Collected material ->
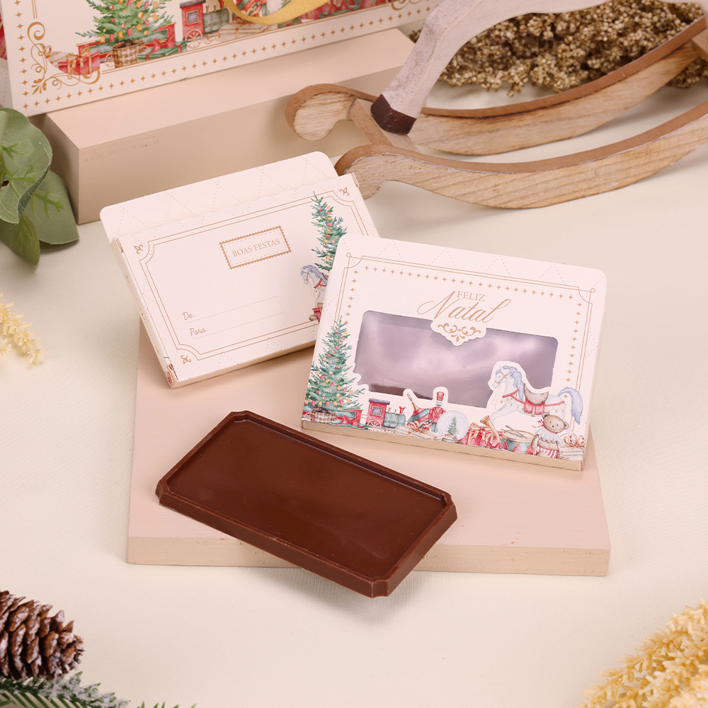 Frente: tem um visor transparente que exibe o produto sem abrir a embalagem .A decoração inclui uma árvore de Natal, um trem de brinquedo, um cavalinho de balanço, presentes e a frase "Feliz Natal"
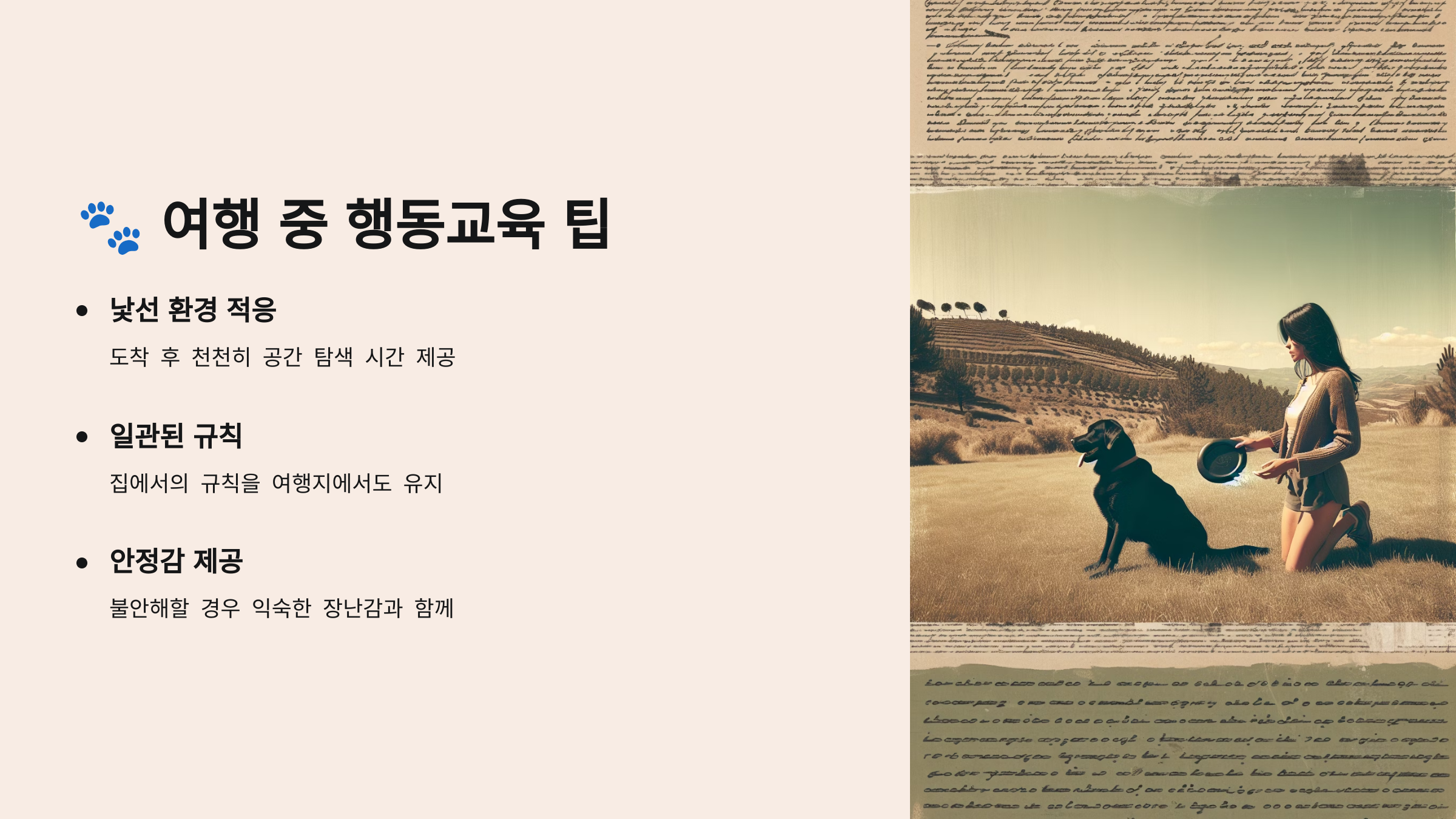 여행을 가면 강아지도 들뜨고 낯선 환경에 긴장할 수 있어요. 그래서 평소보다 더 집중적인 행동관리가 필요하답니다. 산책 중 갑자기 짖거나 사람 많은 곳에서 겁을 먹을 수 있기 때문에 간단한 훈련을 사전에 연습해두면 큰 도움이 돼요. 🎯
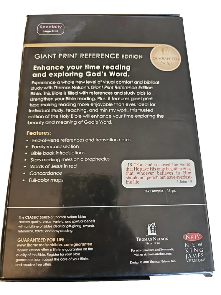 | Features | Large Print, Faux Leather Bound |

Work instructions ->
Extract the full listing exactly, with the pictures left out.

Response to the task ->
 Frente: tem um visor transparente que exibe o produto sem abrir a embalagem .A decoração inclui uma árvore de Natal, um trem de brinquedo, um cavalinho de balanço, presentes e a frase "Feliz Natal"
 여행을 가면 강아지도 들뜨고 낯선 환경에 긴장할 수 있어요. 그래서 평소보다 더 집중적인 행동관리가 필요하답니다. 산책 중 갑자기 짖거나 사람 많은 곳에서 겁을 먹을 수 있기 때문에 간단한 훈련을 사전에 연습해두면 큰 도움이 돼요. 🎯
 | Features | Large Print, Faux Leather Bound |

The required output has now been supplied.